In the entries below, the lines from the one with "Black leather belt" through the one with "手芸 工芸 インテリア" are to be copied exactly; both ends count.

___ Dataset

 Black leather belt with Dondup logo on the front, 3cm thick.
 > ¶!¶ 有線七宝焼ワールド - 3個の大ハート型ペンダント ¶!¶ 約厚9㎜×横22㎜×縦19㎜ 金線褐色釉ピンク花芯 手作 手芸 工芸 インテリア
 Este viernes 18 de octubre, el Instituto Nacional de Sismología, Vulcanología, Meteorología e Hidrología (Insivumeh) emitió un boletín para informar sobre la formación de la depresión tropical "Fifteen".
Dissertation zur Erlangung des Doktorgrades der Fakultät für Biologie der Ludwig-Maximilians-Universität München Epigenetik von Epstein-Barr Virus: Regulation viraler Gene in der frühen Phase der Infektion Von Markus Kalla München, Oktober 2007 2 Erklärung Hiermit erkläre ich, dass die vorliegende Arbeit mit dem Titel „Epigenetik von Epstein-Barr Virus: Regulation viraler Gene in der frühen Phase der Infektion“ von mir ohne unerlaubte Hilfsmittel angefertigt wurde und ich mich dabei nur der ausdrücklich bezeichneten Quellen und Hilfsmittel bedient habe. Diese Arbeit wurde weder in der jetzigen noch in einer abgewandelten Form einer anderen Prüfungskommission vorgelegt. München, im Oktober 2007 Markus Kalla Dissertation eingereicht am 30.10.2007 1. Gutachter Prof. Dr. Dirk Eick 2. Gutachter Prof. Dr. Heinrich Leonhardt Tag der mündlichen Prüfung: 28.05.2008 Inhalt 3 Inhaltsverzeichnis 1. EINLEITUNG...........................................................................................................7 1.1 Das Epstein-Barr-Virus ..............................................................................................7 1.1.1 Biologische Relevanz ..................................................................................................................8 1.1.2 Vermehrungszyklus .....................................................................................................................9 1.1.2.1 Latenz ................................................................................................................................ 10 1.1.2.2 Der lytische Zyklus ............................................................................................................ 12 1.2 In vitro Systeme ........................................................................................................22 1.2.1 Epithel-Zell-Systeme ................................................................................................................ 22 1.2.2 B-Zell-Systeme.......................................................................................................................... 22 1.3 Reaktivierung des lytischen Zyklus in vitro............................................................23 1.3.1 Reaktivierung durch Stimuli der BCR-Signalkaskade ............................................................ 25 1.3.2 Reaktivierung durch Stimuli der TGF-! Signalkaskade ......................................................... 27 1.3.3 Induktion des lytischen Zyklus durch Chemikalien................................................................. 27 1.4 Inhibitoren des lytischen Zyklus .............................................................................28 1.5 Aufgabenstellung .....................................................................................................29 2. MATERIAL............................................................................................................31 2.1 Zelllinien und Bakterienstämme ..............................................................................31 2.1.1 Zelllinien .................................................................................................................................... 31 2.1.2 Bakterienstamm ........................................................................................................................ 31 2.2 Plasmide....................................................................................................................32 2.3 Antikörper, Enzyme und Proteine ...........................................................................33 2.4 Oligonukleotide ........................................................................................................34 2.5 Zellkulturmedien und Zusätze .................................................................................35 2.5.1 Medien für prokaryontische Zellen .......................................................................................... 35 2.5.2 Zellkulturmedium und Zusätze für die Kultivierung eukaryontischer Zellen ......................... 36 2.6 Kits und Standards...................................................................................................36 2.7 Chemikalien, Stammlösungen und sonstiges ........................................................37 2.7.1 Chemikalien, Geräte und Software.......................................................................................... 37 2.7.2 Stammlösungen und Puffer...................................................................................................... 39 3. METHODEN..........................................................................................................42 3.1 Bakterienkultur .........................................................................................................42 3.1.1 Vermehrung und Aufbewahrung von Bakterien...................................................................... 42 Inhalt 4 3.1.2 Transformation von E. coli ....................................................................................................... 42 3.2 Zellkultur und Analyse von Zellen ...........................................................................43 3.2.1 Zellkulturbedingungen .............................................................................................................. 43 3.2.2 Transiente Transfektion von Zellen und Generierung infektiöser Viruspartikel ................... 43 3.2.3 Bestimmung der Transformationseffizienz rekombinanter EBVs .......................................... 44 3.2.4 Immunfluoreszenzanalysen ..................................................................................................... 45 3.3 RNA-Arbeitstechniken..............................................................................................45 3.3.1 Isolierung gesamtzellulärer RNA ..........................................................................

______
___ Dataset

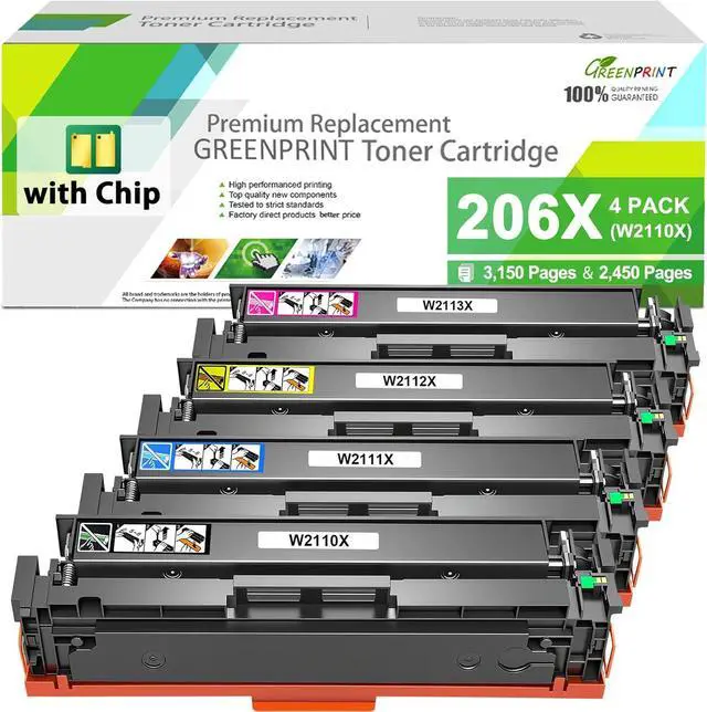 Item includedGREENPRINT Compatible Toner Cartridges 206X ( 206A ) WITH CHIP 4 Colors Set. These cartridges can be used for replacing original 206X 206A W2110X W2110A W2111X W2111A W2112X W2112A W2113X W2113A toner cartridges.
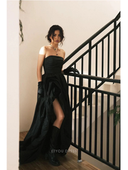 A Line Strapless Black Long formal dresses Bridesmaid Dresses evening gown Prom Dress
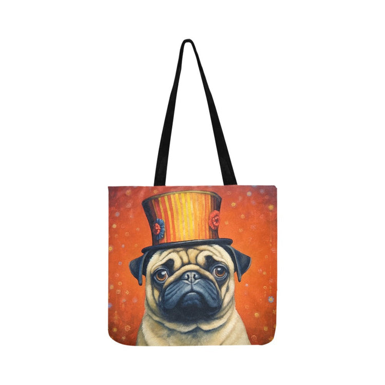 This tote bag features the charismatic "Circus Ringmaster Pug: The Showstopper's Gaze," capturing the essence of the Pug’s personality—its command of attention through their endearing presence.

______

• **Expected answer**:
 Black leather belt with Dondup logo on the front, 3cm thick.
 > ¶!¶ 有線七宝焼ワールド - 3個の大ハート型ペンダント ¶!¶ 約厚9㎜×横22㎜×縦19㎜ 金線褐色釉ピンク花芯 手作 手芸 工芸 インテリア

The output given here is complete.